# OSHA Training Programs/Courses



## Jeff G (Apr 5, 2010)

It seems that trying to keep up with all the OSHA regulations can be formidable, particularly staying on top of any additions or changes. 

I was wondering if anyone would chime in with what they have found to work for them in not only staying abreast of everything, but also what was the best means of training programs, whether it be online, community colleges, books, apps, etc regardless of whether one is a general contractor, electrician, carpenter, roofer, mason, etc.

It has been many years ago since I last worked as a project manager for a mid-sized construction firm (I was far more familiar with the laws/requirements then), and I'm now a sole proprietor that is soon to be incorporating and expanding. I would like to get ahead of the learning curve and fairly quickly get into compliance for a potential visit from our friendly friends at OSHA.


----------



## Jeff G (Apr 5, 2010)

Nobody? huh


----------



## Builders Inc. (Feb 24, 2015)

All I can say is get the book and start reading. I remember when I tested there were companies that helped you pass the exam and they had study guides to help you for the exam. Their was a quick reference bout four hours on the 1929 code book. That's it. Contact some of those companies?...


----------



## sunkist (Apr 27, 2012)

Let me jump in, www.mancomm.com try here. you need the $50.00 book.
covers parts 1926 1903, 1904, 1910, and of course 1926, c/k to see if it has forms 300 300a and 301, my copy is ten years old.


----------



## Builders Inc. (Feb 24, 2015)

Hey Sunkist, which one would be best? Standards and regulations general industry or OSHA compliance guide, "Guides to compliance" do they all come with a CD Rom? What about the online code search option? You have to log in. Is there a monthly fee for use?


----------



## Jeff G (Apr 5, 2010)

sunkist said:


> Let me jump in, www.mancomm.com try here. you need the $50.00 book.
> covers parts 1926 1903, 1904, 1910, and of course 1926, c/k to see if it has forms 300 300a and 301, my copy is ten years old.


Thanks! That's the kind of info I was hoping for.


----------



## sunkist (Apr 27, 2012)

Builders Inc. said:


> Hey Sunkist, which one would be best? Standards and regulations general industry or OSHA compliance guide, "Guides to compliance" do they all come with a CD Rom? What about the online code search option? You have to log in. Is there a monthly fee for use?

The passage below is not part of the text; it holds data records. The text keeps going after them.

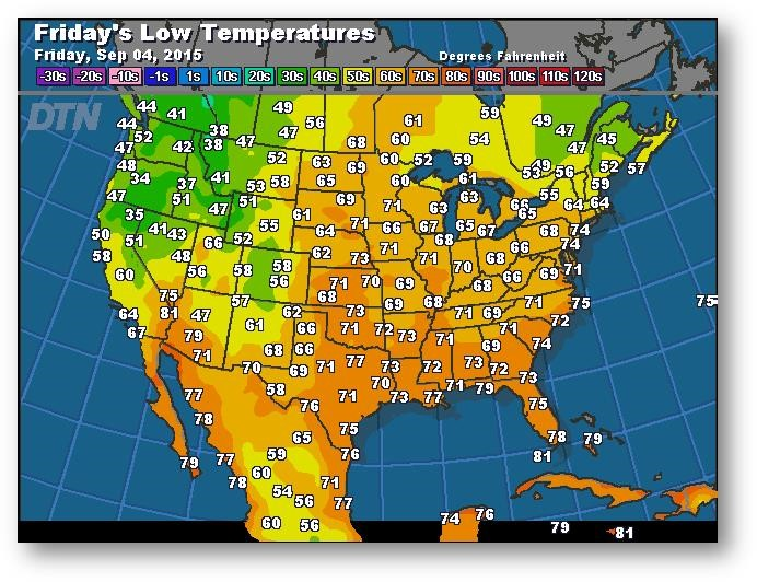 Prévisions des températures les plus basses (degrés Farenheit)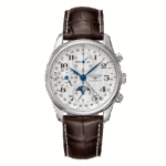 Fonctions du chronographe : Mécanisme du chronographe : aiguille centrale 60 secondes, compteur 12 heures avec affichage des phases de la lune 6h, compteur 30 minutes avec affichage du jour et du mois à 12h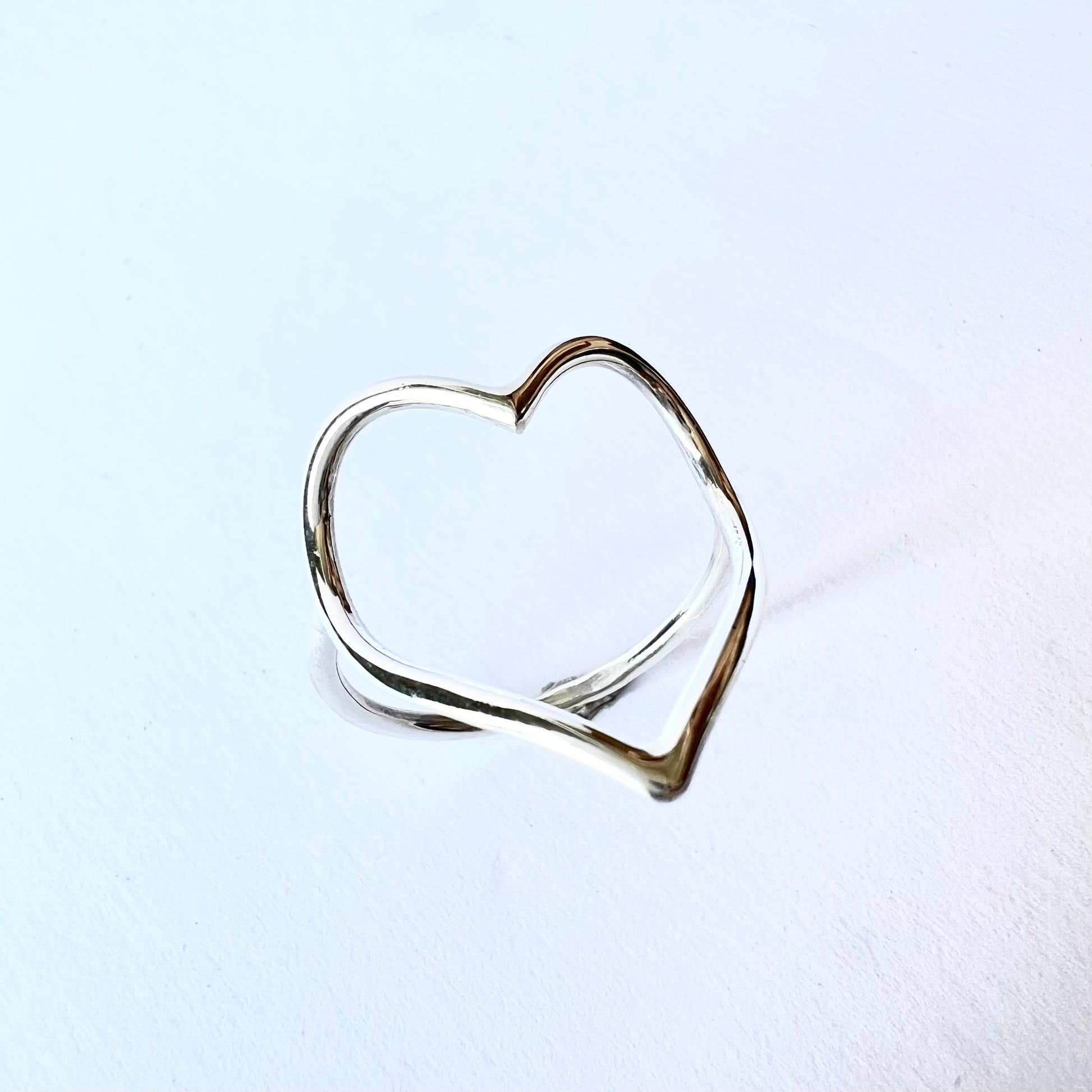 Une bague tout en délicatesse, formée d’un fil d’argent 925 façonné à la main pour dessiner un cœur simple et pur.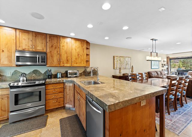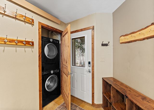 The full-sized kitchen is stocked with all the essential cookware and tableware to make a meal away from home and features granite countertops and stainless steel appliances. There's a three-person breakfast bar off the kitchen that has a wine cooler for your favorite beverages. A full dining area comfortably seats six. Back near the entryway is a private washer and dryer and laundry detergent is provided for your convenience.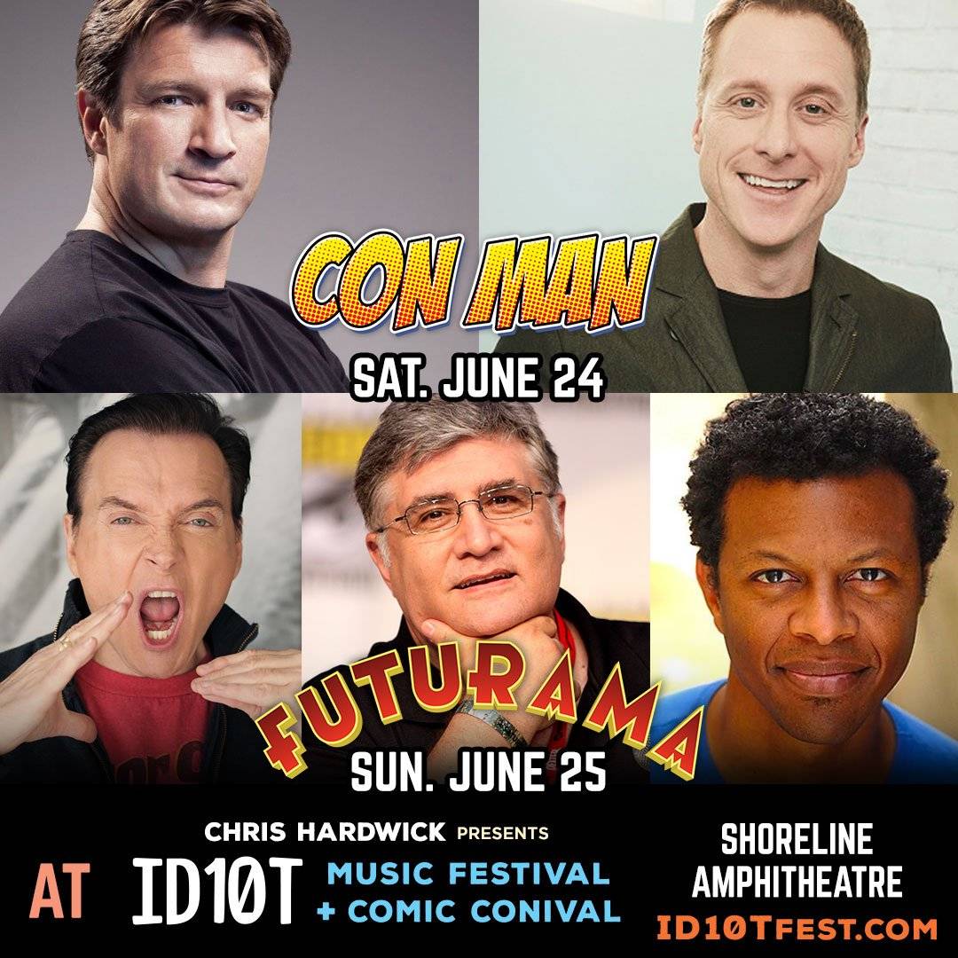 Chris Hardwick’s Id10t Music Festival + Comic Conival, has added panels featuring the stars of Con Man, Animaniacs, and Futurama to their schedule for this weekend’s festival at the Shoreline Amphitheatre and the surrounding grounds in Mountain View, CA on Saturday, June 24 and Sunday, June 25th!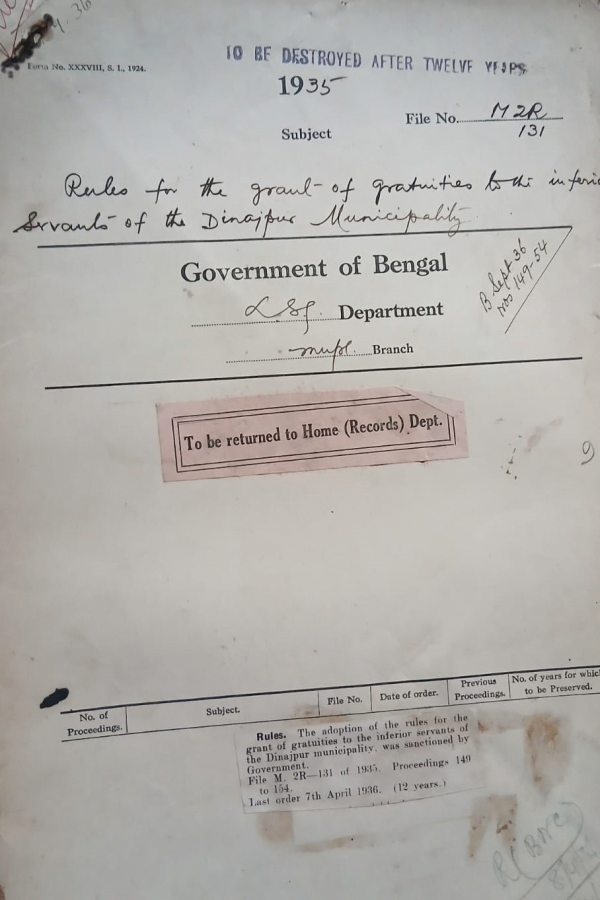 | Rack No. 12, Bundle No. 08 Sl No. 488 Report on the working of the Municipalities in the Burdwan Division for the year 1934-35. | Rack No. 12, Bundle No. 08 Sl No. 489 Report on the working of the Municipality in the Dacca Division for the year 1934-35. | Rack No. 12, Bundle No. 08 Sl No. 490 Report on the working of the Municipalities in the Chittagong Division for the year 1934-35. | Rack No. 12, Bundle No. 08 Sl No. 491 Rules for the grant of gratuities to the inferior Servants of the Dinajpur Municipality | Rack No. 12, Bundle No. 08 Sl No. 492 Transfer of a portion of water rate fund to Latrine fund, Midnapure Municipality. | Rack No. 12, Bundle No. 08 Sl No. 493 Utilization of the balance of the Latrine fund towards its general fund by the Katwa Municipality. | Rack No. 12, Bundle No. 08 Sl No. 494 Leasing out of a plot of P.W.D. Land to the Serajganj Municipality for the erection of a pound. |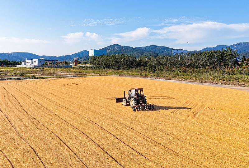This photo, taken on October 22, 2025, shows corn being air-dried at Yuntai Farm in Haizhou District, Lianyungang City. The golden harvest set against the clear blue sky creates a vibrant autumn scene. (Photo/CFP)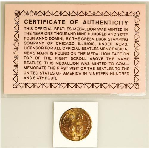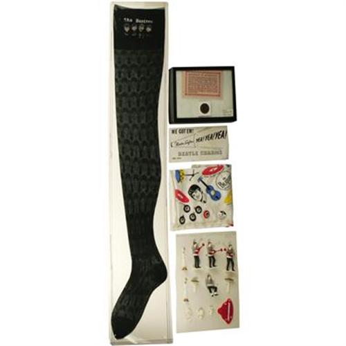 <B>Beatles Assorted Memorabilia Items.</B></I> Set of vintage Beatles collectibles includes a complete set of cake decorations, a set of unused Beatles stockings, a Beatles scarf with two small pinback buttons, a set of Beatles charms, and a 1964 original issue commemorative Beatles medallion. Items are in overall Very Fine condition.<I>From the Robert Johnson Memorabilia Collection.</B></I><BR><BR><b>Shipping:</b> Miscellaneous Collectibles, Larg (<a target="_blank" href="http://www.heritageauctions.com/common/shipping.php">view shipping information</a>)
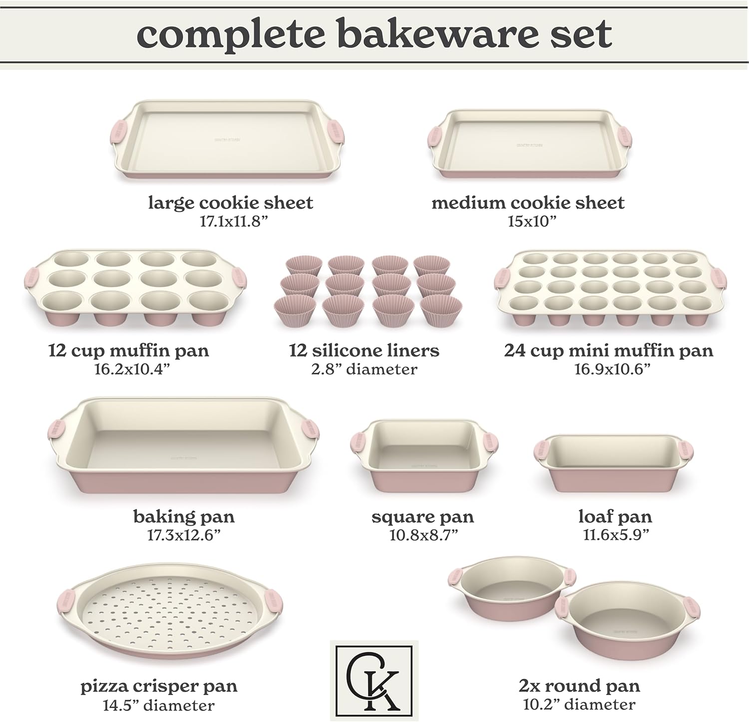 • 22 Piece Baking Set: This space saving beginner baking set includes a variety of pans, perfect for all your baking needs. It includes a non stick cookie sheet, a large and small baking pan, and more.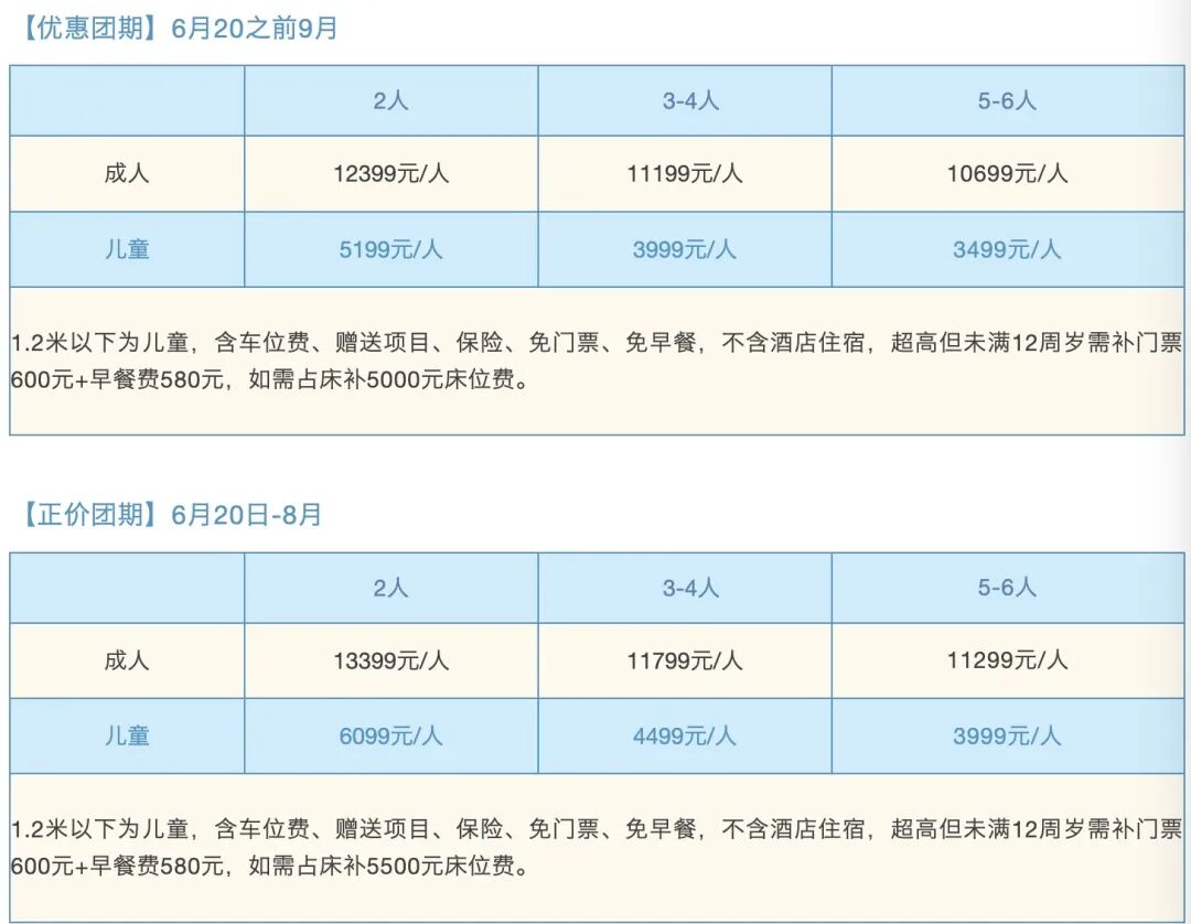3、单房差:单房差:全程默认安排2人一间,如有单人需补单房差:优惠团期5000元,正价团期5500元。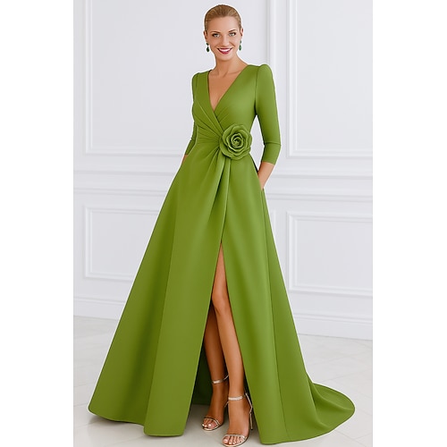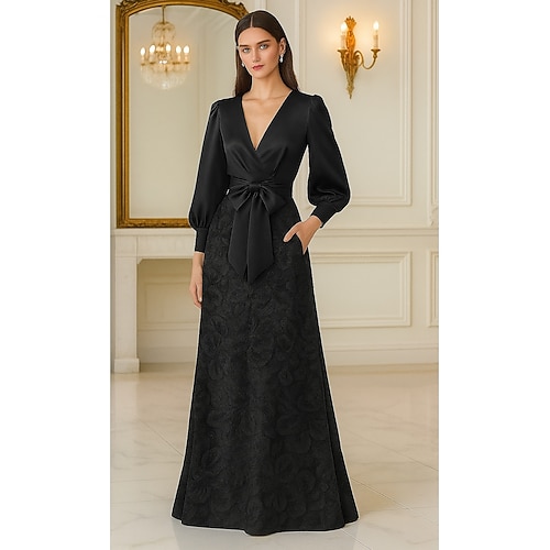 Per donna Abito da smoking Linea ad A Matrimonio Formale Ospite di nozze Raso Elegante Setoso Manica Lunga Lunghezza al pavimento coscia divisa Scollo a V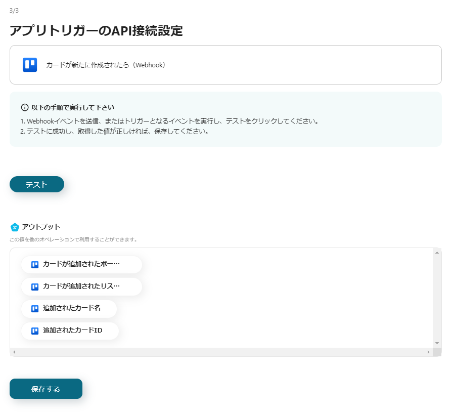 テストが成功すると、上の画像のようにTrelloの項目がアウトプットとして反映されます。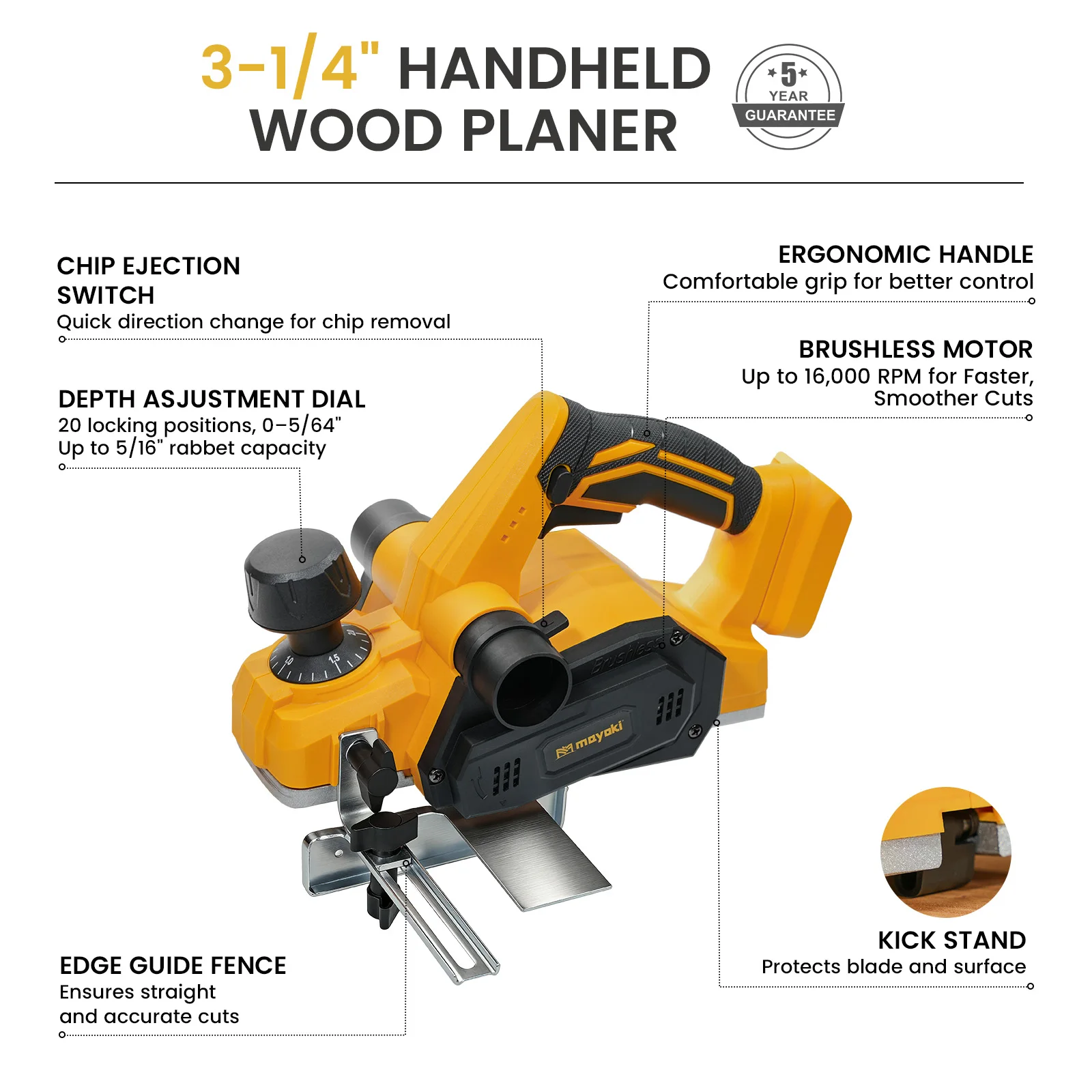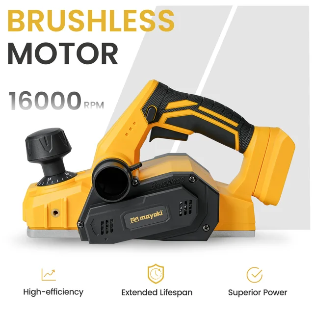 Brushless Efficient Planing: The brushless wood planer can operate at 16000 RPM with a 3-1/4 inch (82mm) planing width, making material processing effortless and efficient, reducing your workload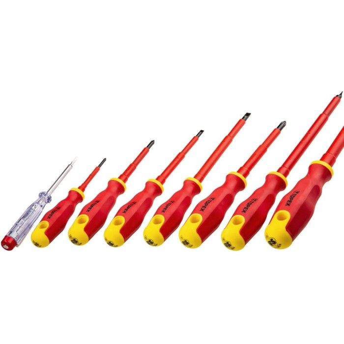 Набір викруток Topex - це незамінний інструмент для будь-якого майстра або просто домашнього користувача. Цей набір містить 8 високоякісних викруток з ізольованими ручками, що дозволяє працювати з електричними проводами під напругою до 1000 Вольт. Кожна викрутка має спеціальне покриття, яке запобігає ковзанню і забезпечує зручний захват. Довга сталева штуцерна частина дозволяє легко дістати важкодоступні місця. Купуючи набір викруток Topex, ви отримуєте надійний і зручний інструмент, який допоможе вам здійснювати ремонт або будівельні роботи швидко і безпечно.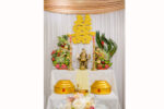 – Bộ lư đồng, đế nến, bát nhang đồng, chữ Hỷ – Cặp long phụng trái cây tươi ✔ Cổng hoa lụa tiêu chuẩn ✔ Bảng vu quy (hoặc tân hôn) ✔ Bàn để mâm quả phủ voan hoa hồng cao cấp (6 quả) |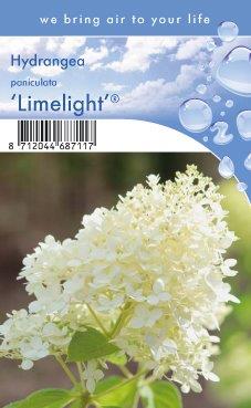 Hydrangea paniculata ‘Limelight’ is een pluimhortensia of boerenhortensia met stevige takken. Die minder snel doorbuigen door regen en wind. De bladeren zijn groen van kleur en licht bedekt met haartjes. Hortensia’s zijn geliefd om hun rijke en langdurige bloei. Hydrangea paniculata ‘Limelight’ bloeit van juni tot en met september met grote groen-witte (lime) pluimvormige spitse bloemtrossen. In het najaar kleuren de bloemen roze. Tot diep in de winter behouden ze hun sierwaarde. De kleur van de bloemen kan sterk veranderen door de zuurgraad van de grond. Op rijke grond zijn de bloemen limekleuriger, op armere grond witter. Hydrangea paniculata ‘Limelight’ is winterhard en bladverliezend. De bladeren verkleuren in het najaar van groen naar paars, voordat ze verwelken en eraf vallen. De verdorde bloemen zijn in de winter nog lang decoratief. Als je deze pluimhortensia elk voorjaar snoeit, wordt de plant minder hoog, maar krijgt wel meer en grotere bloemen. De maximale hoogte is circa 125 cm.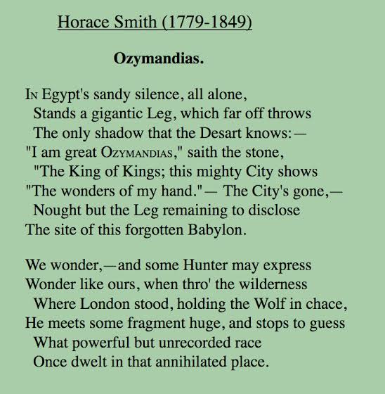All Shelley needed was the *thought* of that statue of once-glorious Ramesses, ruined and unobserved in the desert, and Ozymandias simply came to him.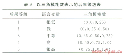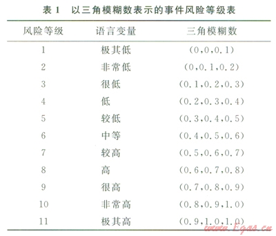 將引起燃?xì)夤艿佬孤┦录L(fēng)險(xiǎn)分為11個(gè)等級(jí)[8],相應(yīng)的語(yǔ)言變量及模糊數(shù)參照表l,語(yǔ)言變量可直觀表達(dá)風(fēng)險(xiǎn)因素的相對(duì)重要性。

You want the one " Constuction Industry Regulations" Some came with a CD and may still.
I would think for online there would be a monthly fee just some else to make auto withdrawls from your bank 
The book was a required for the contractor exam, i have never looked at it since
Do not get me wrong in order to pass the exam i know whats in there and remember a lot.


----------